Paper: https://www.nature.com/articles/s41467-023-43490-x

jncfhnb 2 years ago

The actual article simply says babies pick up on phonetic differences featured in rhyme and song. It says nothing about being crucial to learning.

  • nitwit005 2 years ago

    Yep, the headline is a deliberate lie to make the story more appealing.

    • seizethecheese 2 years ago

      Ironically, you also added the word “deliberately” to make your comment more appealing without any evidence

      • worik 2 years ago

        Joining in a trivia dive...

        > Ironically, you also added the word “deliberately” to make your comment more appealing without any evidence

        Yes.

        Fun.

        A short comment is not the place for evidence.

        I could criticise it for hyperbole but actually the thing I do not like is mor e gratuitous unesecsary adjectives....

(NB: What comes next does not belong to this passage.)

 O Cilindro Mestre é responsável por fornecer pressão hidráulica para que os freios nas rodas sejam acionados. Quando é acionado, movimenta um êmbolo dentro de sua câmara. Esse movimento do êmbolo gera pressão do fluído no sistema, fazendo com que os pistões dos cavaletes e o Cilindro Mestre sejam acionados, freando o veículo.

        Given a startling crisp headline for a mild wishy washy article it is reasonable to assume deliberation.

        But is it a lie? Or measly an exaggeration?

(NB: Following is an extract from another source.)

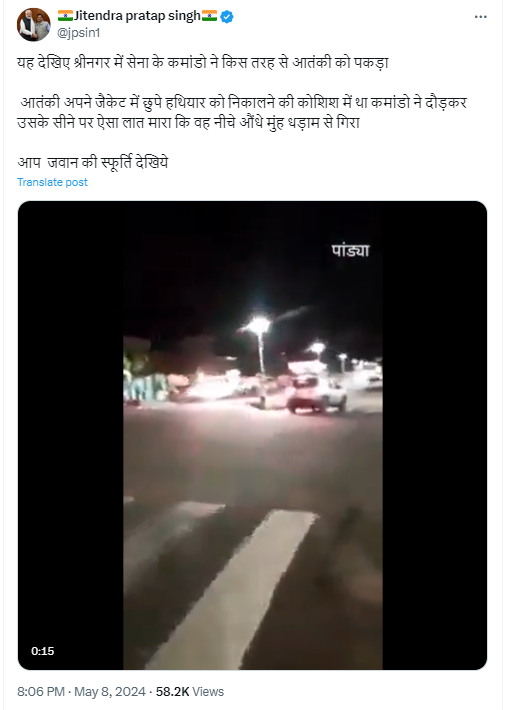 वीडियो को वायरल दावे वाले कैप्शन के साथ शेयर किया गया है, जिसमें लिखा हुआ है “यह देखिए श्रीनगर में सेना के कमांडो ने किस तरह से आतंकी को पकड़ा. आतंकी अपने जैकेट में छुपे हथियार को निकालने की कोशिश में था कमांडो ने दौड़कर उसके सीने पर ऐसा लात मारा कि वह नीचे औंधे मुंह धड़ाम से गिरा. आप जवान की स्फूर्ति देखिये”.

        I care a lot, it's good

      • nitwit005 2 years ago

        You believe they accidentally misrepresented the scientists who never mentioned the concept in the headline? Come on.

        There is an endless stream of these headlines that misrepresent the scientific claims in a way that just happens to seem designed to make the article more appealing. I'm sure it's all pure coincidence.

      • jaredhallen 2 years ago

        I don't know, I can't imagine they accidentally wrote that bit in the headline.

      • fsckboy 2 years ago

        you turned

        > "you added the word “deliberately”

        into

        > Ironically, you also added the word “deliberately” to make your comment more appealing without any evidence

        with no evidence, theory of mind, nor sense of irony apparent.

  • dang 2 years ago

    We've changed the headline to a (shortened) version of the subtitle, which is more neutral. This is often the case.

  • rossdavidh 2 years ago

    Yeah the quote from the researcher is “Parents should talk and sing to their babies as much as possible or use infant-directed speech like nursery rhymes because it will make a difference to language outcome.”

    Which, you know, sure, why not. Nursery rhymes are, I'm sure, great. But the idea that it is "vital" seems preposterous, as I'm sure many infants do not have anyone singing to them, and they still learn to speak.

    Again, I'm sure singing to your baby is good stuff, but the headline seems like a stretch.

dudul 2 years ago

"Vital" seems a little strong after reading the article.

  • dang 2 years ago

    We've changed the headline to a (shortened) version of the subtitle, which is more neutral. This is often the case.